The Albigensian Treasure by Maurice Magre

The Albigensian Treasure by Maurice Magre

Author:Maurice Magre [Magre, Maurice]
Language: eng
Format: epub
Publisher: Black Coat Press
Published: 2018-08-25T00:00:00+00:00


THE MASQUES OF SAINT-ÉTIENNE

I advanced toward the Place Saint-Étienne, crushed by the weight of my good dead. None of those I had enabled to enter the walls of Toulouse wanted to quit me, and they were all marching behind me.

A large crowd was gathered in the Place Saint-Étienne, but there was a large empty space in the middle, in front of the cathedral. It was into that space that I emerged, pushed by those who were coming behind me, carried away by the confused hope of liberating myself by virtue of walking rapidly.

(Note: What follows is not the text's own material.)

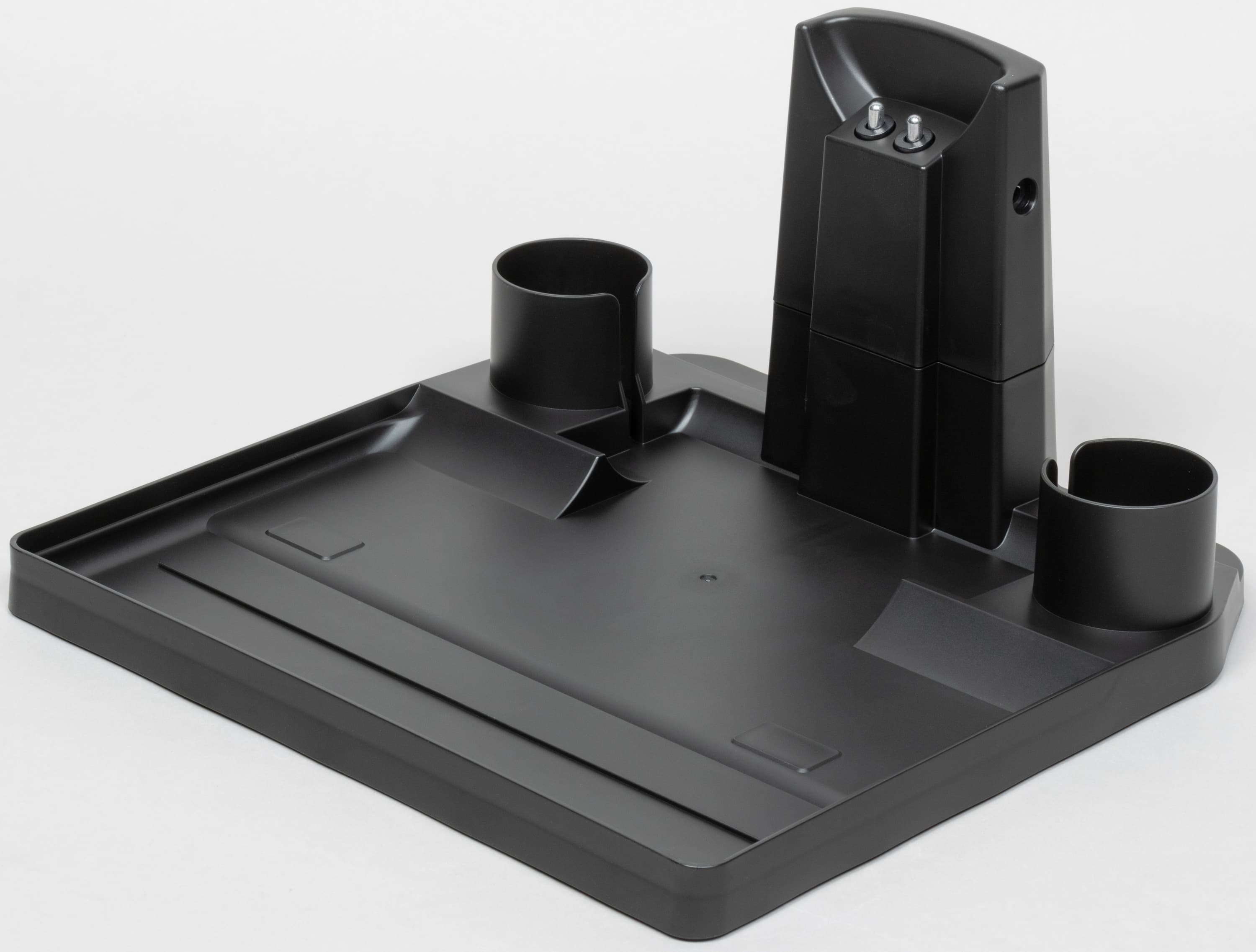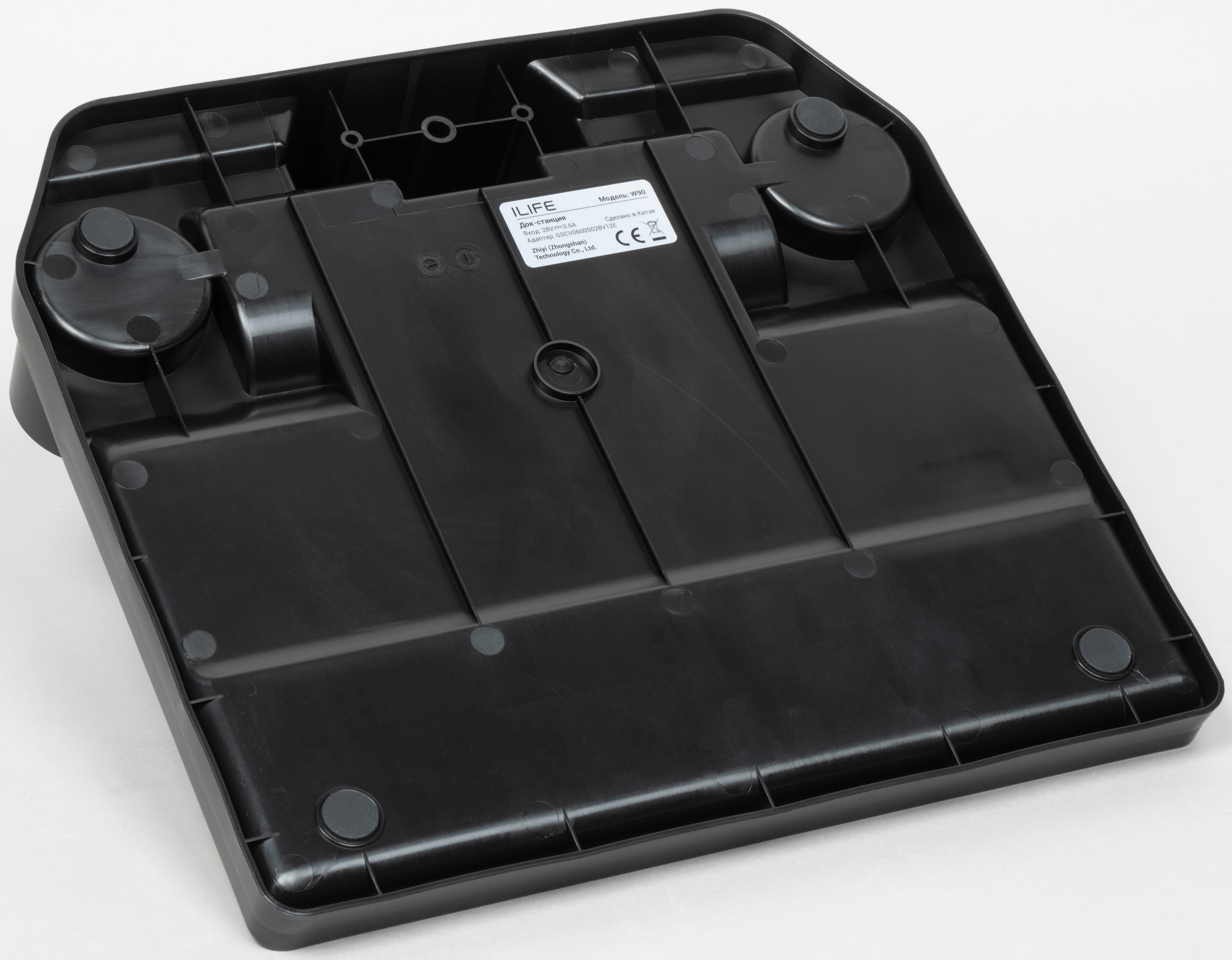 Базовая станция предназначена для самоочистки устройства, его зарядки и хранения. В ее плоской части есть небольшое углубление для сбора грязной воды при промывке ротора, а на вертикальном основании — два электрических контакта, обеспечивающие подключение пылесоса к источнику переменного тока.

I was gripped by vertigo. To the right of the cathedral stood the sixty members of the Parlement, whom I scarcely recognized, so enormous and geometrical did their square bonnets seem. To the left, the King’s Seneschal was leaning solemnly on a cane with a gold pommel, with his counselors, his officers, his squires and the eight Capitouls with the strangely bright red sashes designating their rank. A little further away were grouped representatives of all the religious orders and the various monasteries, with their banners, their crosses, reliquaries, caskets containing the bones of saints. I recognized the Chapter of Saint Saturnin, at of La Daurade, the Blue Penitents, and an Order whose name I did not know, whose members bore silver Holy Spirits on their breasts and raised white sticks in their right hands. On all sides, I saw the glint of crosses, reliquaries and golden halberds. Twelve men in violet uniforms were raising enormous trumpets toward the heavens.

And not until I was in the center of the square did I become aware of my imprudence. Too late! An immense clamor resounded. And I saw with amazement the group of members of the Parlement break up, and the majority launch themselves toward me. The King’s Seneschal started a grotesque dance, which the Capitouls imitated. At the same time, the twelve trumpeters launched a resounding fanfare into the sky.

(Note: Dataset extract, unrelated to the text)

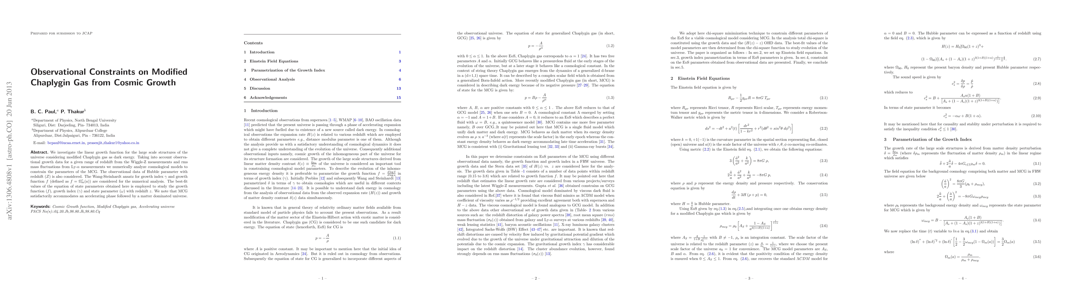 We investigate the linear growth function for the large scale structures of the universe considering modified Chaplygin gas as dark energy. Taking into account observational growth data for a given range of redshift from the Wiggle-Z measurements and rms mass fluctuations from Ly-$\alpha$ measurements we numerically analyze cosmological models to constrain the parameters of the MCG. The observational data of Hubble parameter with redshift ($Z$) is also considered. The Wang-Steinhardt ansatz for growth index $\gamma$ and growth function $f$ (defined as $f=\Omega_{m}^{\gamma} (a)$) are considered for the numerical analysis. The best-fit values of the equation of state parameters obtained here is employed to study the growth function $(f)$, growth index ($\gamma$) and state parameter ($\omega$) with redshift $z$. We note that MCG satisfactorily accommodates an accelerating phase followed by a matter dominated universe.

It was only then that I perceived the disproportion of the trumpets, the excessively dazzling character of the reliquaries, and distinguished the comical character of the silver Holy Spirits and death’s-heads on the breasts of the monks. I saw that the President of the Parlement had stilts under his rope in order to appear taller, that the Abbot of Saint Sernin was wearing a false nose that he agitated with a string, and that the Seneschal’s moustache wad made of stuffed snakeskin.

And I also saw in another part of the square, an Emperor Charlemagne with a beard so long that two pages were required to sustain it, and a Chevalier Roland brandishing a cardboard sword as large as him. Alongside him there were allegorical characters, gods of mythology, and the entire dynasty of the Kings of Spain, represented by the fraternity of Spanish students, whose provost I recognized, an ignorant old student celebrated in Toulouse. A few gods and a few kings were running in my direction.

But it was not me who had caused the agitation of the population of masques.